A still life such as this is called a banketje (little banquet) in Dutch inventories. The pewter platter and the pewter mounts on the stoneware beer tankard give a sense of modest luxury. The pickled herring is a standard element in still lifes of the first half of the 17th century.18

possibly Parry Walton
Still life
panel (oak), oil paint 37,5 x 29,5 cm
Dulwich (London), Dulwich Picture Gallery, inv./cat.nr. DPG355


1 On 1 Dec. 1702 an advertisement was placed in the Daily Courant to announce the sale of his ‘Excellent Collection of Italian Pictures’ in his ‘late Dwelling-house’: see his biography on the website with restorers of the NPG, where is stated that he must have died before that date (https://www.npg.org.uk/research/programmes/directory-of-british-picture-restorers/british-picture-restorers-1600-1950-w.php).

2 Das bewusste Stilleben [Dulwich Picture Gallery] sieht nun so holländisch aus, dass man es einem Nachfolger von Kalf wie P. Gallis oder J. v. Streek zuschreiben würde (The still life in question [DPG] looks so Dutch that one would ascribe it to an imitator of Kalf, such as P. Gallis or J. van Streek).

3 Ingamells 2008, p. 86: ‘One of very few paintings known by Walton, DPG429 is wholly Dutch in character and much resembles the work of Simon Luttichuys (1610–61)’, and note 1: ‘Who was b. London but worked principally and d. in Amsterdam. I am grateful to Bernd Ebert for indicating this comparison.’ As Ingamells mentions no other picture by Parry Walton, we still assume that this is the only one. It was also the only picture under Parry Walton in Art UK, see https://artuk.org/discover/artworks/still-life-200408 (May 20, 2020).

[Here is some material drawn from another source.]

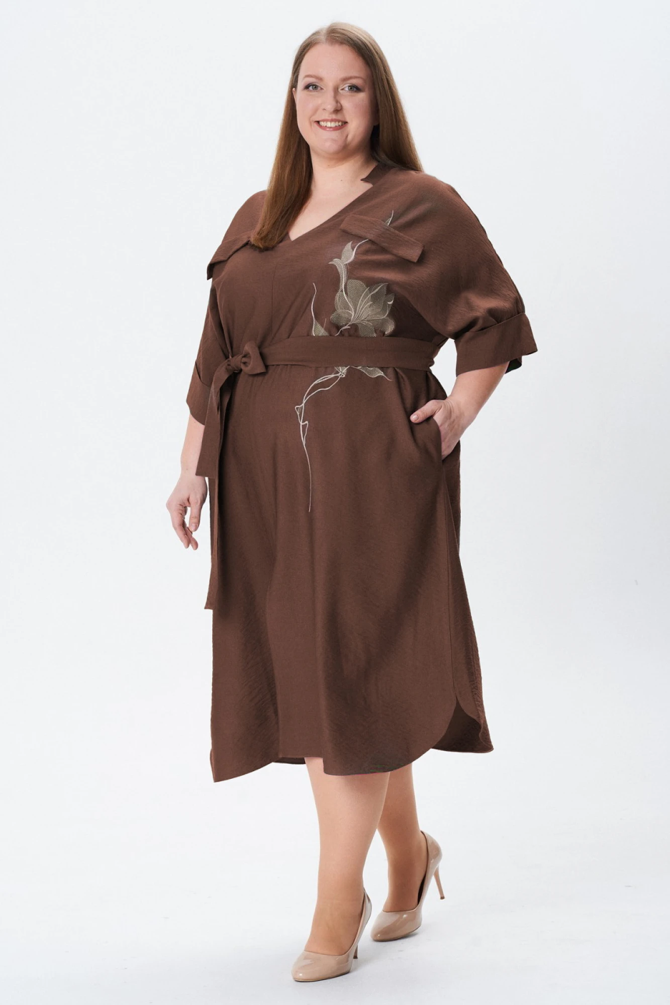 Особое внимание привлекает декоративная вышивка и клапаны на передней части платья — они создают уникальный акцент, подчеркивающий вашу индивидуальность. Съемный пояс позволяет легко регулировать силуэт, акцентируя талию и создавая дополнительные варианты стиля. Это платье отлично подойдет как для повседневных выходов, так и для особых случаев, добавив вашему гардеробу особое очарование и шик.

4 Ebert 2009, p. 139: ob das Gemälde nicht möglicherweise eine Kopie nach einem unbekannten Gemälde von Luttichuys ist (whether the picture might not be a copy after an unknown painting by Luttichuys).

5 Ebert 2009, p. 370, Sim A23.

6 ibid., p. 371, Sim A24.

7 RKD, no. 297847: https://rkd.nl/en/explore/images/297847 (July 13, 2020); Ebert 2009, pp. 371–2, Sim A25.

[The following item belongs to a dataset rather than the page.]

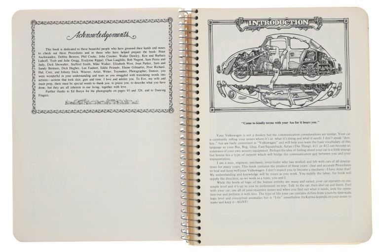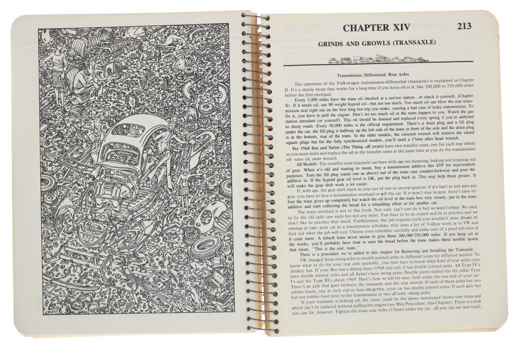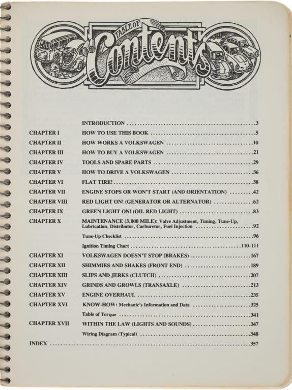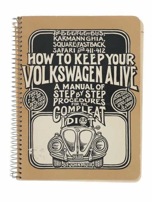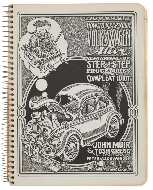 For your consideration is this 1987 edition of "How to Keep Your Volkswagen Alive: A Manual of Step by Step Procedures for the Compleat Idiot" by John Muir & Tosh Gregg and illustrated by Peter Aschwanden in Santa Fe, New Mexico. This book is spiral bound and features a tan / beige front cover with the title, the models its for, the author and a black and white graphic of a Volkswagen Beetle. The book gives extensive information on how to work on and keep your Volkswagen up and running including sections on Types I, II, III, IV, fuel injections, Beetles, Buses, Karmannghia, Square/Fastback Safari and 411 & 412. The book includes various black and white diagrams and illustrations with detailed descriptions throughout. The spiral bound book shows good condition overall with some wear from its age and use over the years but no signs of obvious damage are present. The interior pages show good condition as well with no foxing present. The book measures 10 7/8" L x 8 7/8" W x 3/4" D and weighs approximately 1 pound and 10 ounces.

8 ibid., pp. 372–3, Sim A26; RKD, no. 204299: https://rkd.nl/explore/images/204299 (Feb. 26, 2017).

9 ibid., p. 373, Sim A27.

10 ibid., pp. 374–5, Sim A30.

11 Letter from Bernd Ebert to John Ingamells, 6 Sept. 2004 (DPG429 file), with images of his cat. nos Sim A23–27.

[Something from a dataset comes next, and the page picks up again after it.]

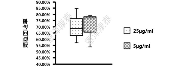 分别使用5µg/ml和25µg/ml的亲脂性荧光染料标记外泌体后,上样100µl到Exosupur®袖珍柱,收集E1,通过纳米流式测定颗粒数,计算颗粒回收率,将Exosupur®袖珍柱再生后继续重复几次实验,如图4所示。可见,不管使用低浓度还是中高浓度荧光染料标记的外泌体,使用Exosupur®袖珍柱进行几次重复实验,颗粒回收率相对较稳定,约在60%以上。

12 Gerson 1942/1983: see above, note 2.

13 Talley 1983, p. 163 (transl. of Van Hoogstraten 1678).

14 Not in Kalinsky & Waterfield 1987.

15 NB: in this entry there is a confusion with our original entry for DPG429. That picture is after Simon Luttichuys, not DPG355.

16 Kalinsky & Waterfield 1987, p. 26.

17 Peter Murray, note in DPG355 file.

18 Van Hoogstraten 1678, as cited in Talley 1983, p. 163.